8 min readSep 6, 2022

setTimeout(): The task scheduler in NodeJS

setTimout() in NodeJS ( documentation here) is an API that allows programmers to schedule functions to be run in the future with some specified delay in time. There are at most three arguments programmers can pass in when invoking it. The first argument is the actual function to be run while the second argument is the desired delay after which the function should be executed. For example,

setTimeout(() => { 
  console.log("this will be executed after 1000 miliseconds"); 
}, 1000);

The conosle will only display the text after at least 1000 miliseconds (or 1 second). Under the hood, the tasks seheduled by setTimeout() will be handled by Event Loop. There are already plenty of discussions on the mechanism of Event Loop and how NodeJS uses Event Loop to execute operations in an aysnc fashion so that the main thread does not block. It is worth pointing out that NodeJS will not execute the scheduled task at the exact time computed by some current timestamp offset by the delay. The only guarantee is that we will at least need to wait for the delay to elapse before the task can be done.
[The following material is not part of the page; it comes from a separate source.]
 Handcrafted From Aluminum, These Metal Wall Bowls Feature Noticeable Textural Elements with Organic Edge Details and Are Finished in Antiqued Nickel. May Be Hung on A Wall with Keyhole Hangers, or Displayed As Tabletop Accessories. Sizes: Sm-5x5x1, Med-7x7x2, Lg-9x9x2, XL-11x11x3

There will be several other operations Event Loop needs to carry out in the same loop, so the exact time at which our scheduled task is run fairly indeterministic.
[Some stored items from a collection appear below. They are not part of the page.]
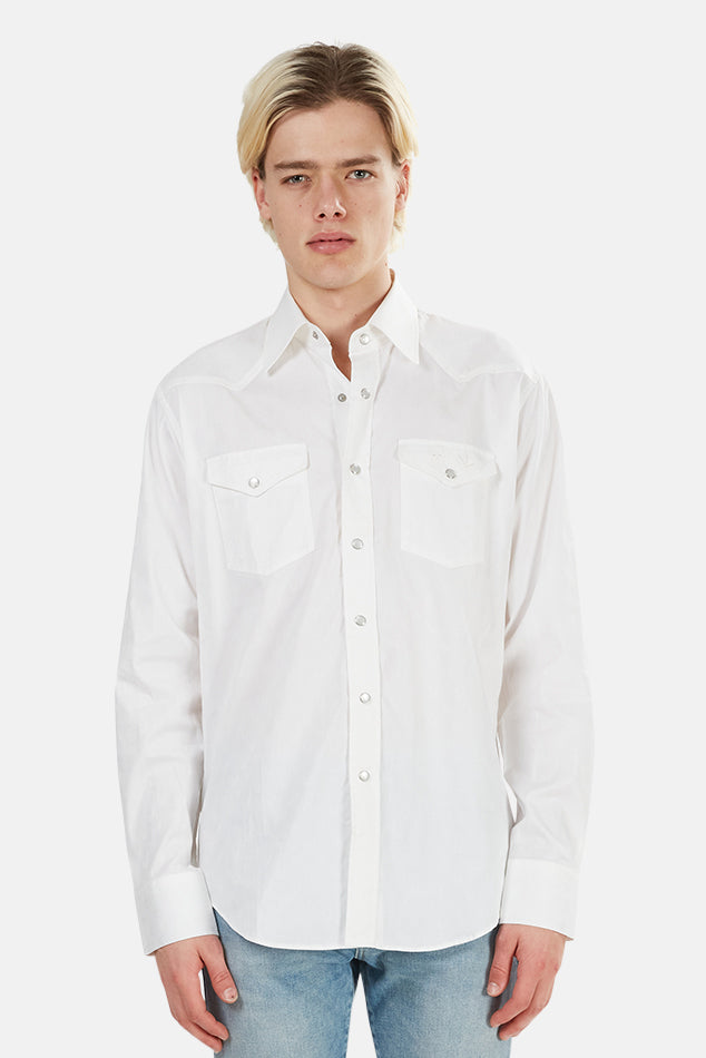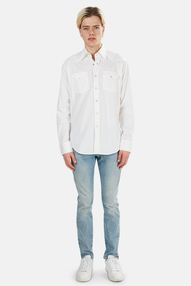 Fine, luxurious Japanese cotton is dressed up in a western style button down shirt. Metal snap buttons at the front, dual chest pockets, and three button arm closure ode to a vintage American style.
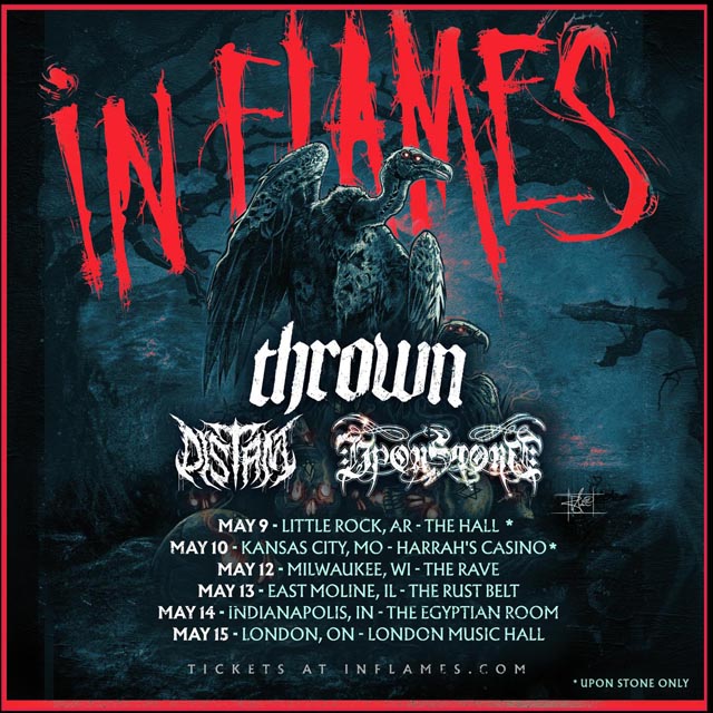 In Flames have announced a string of US tour dates set for May 2026, scheduled between their festival appearances at Welcome To Rockville and Sonic Temple. Support on select dates will come from Thrown, Distant, and Upon Stone. Tickets go on sale today (23rd) at 10 AM local time via this location.
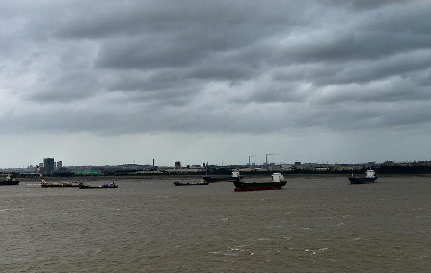 9月4日,受台风“海葵”影响,福建省泉州湾上空乌云密布。
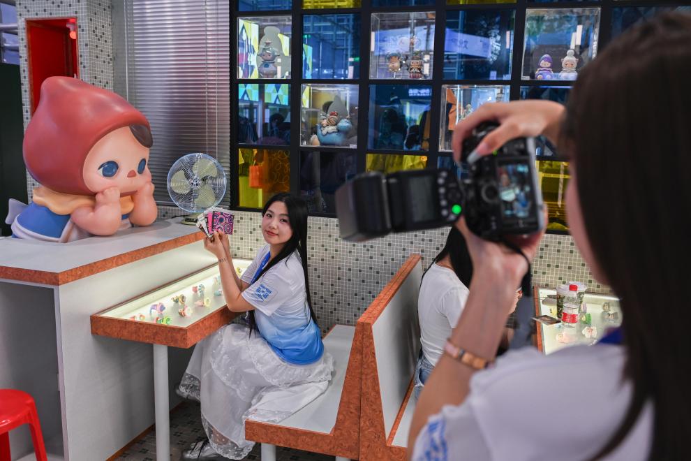 5月22日,观众在文博会香港展区泡泡玛特主题港式茶餐厅打卡拍照。新华社记者 肖恩楠 摄
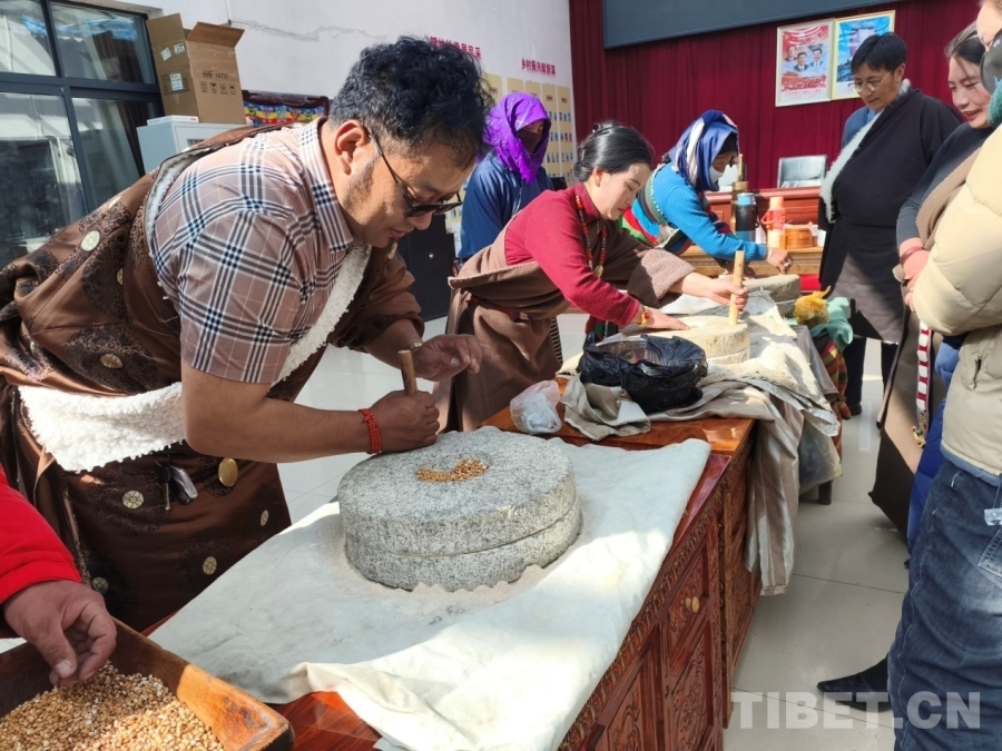 圖為手工磨糌粑比賽

The maximum allowed delay in `setTimeout()`

In the documentation, it is mentioned that if the delay variable contains a number more than 2147483647, it will be set to 1. The magic number itself is the maxium value of a 32-bit signed integer data type. So the natural question becomes: what if we need to schedule a task longer than that limit? Well, to many programmers this might not matter too much if all the scheduling tasks are within the boundary. When converted into days, the maximum allowed delay is between 24 and 25 days, so that seems pretty long already right? But there might still be some use cases in scheduling a task over that time frame. For example, there might be some background operations on filesystem or logs that only need to be done once a month.

The simplest solution is just to hold on to that task for a bit longer before puting it onto Node’s timer queue. For example, you could try to compute the difference between the maximum allowed delay and the target delay and set a timer on the call to setTimeout() itself based on the time difference. For example,

/* Function (task) to execute in the future. */ 
function some_function_too_far_away() { /*...*/ }  /* Suppose we just want to schedule a task that happens 
   to be 10 seconds after the maxium allowed delay. 
   Remember, all these numbers are in miliseconds. */ 
const MAX_DELAY = 2147483647; 
const target_delay = MAX_DELAY + 10000; 
const diff = target_delay - MAX_DELAY;  /* Nested calls of setTimeout where the inner call is the 
   one we put the real task on Node's timer queue. */ 
setTimeout(() => {   
  setTimeout(() => {     
    some_function_too_far_away();   
  }, target_delay - diff); 
}, diff);

It seems to work, right? But what if we want to schedule a job for which the difference between the maximum allowed delay and its desired delay is again greater than the limit? For instance, if we try to schedule a task 50 days from now, we would need to have two calls of setTimeout() in MAX_DELAY so that we can wait for long enough to put the real work onto Node's timer queue. This will become somewhat harder to manage. Also, if there are multiple tasks with the same issues, monitoring these tasks will become quite unwieldy.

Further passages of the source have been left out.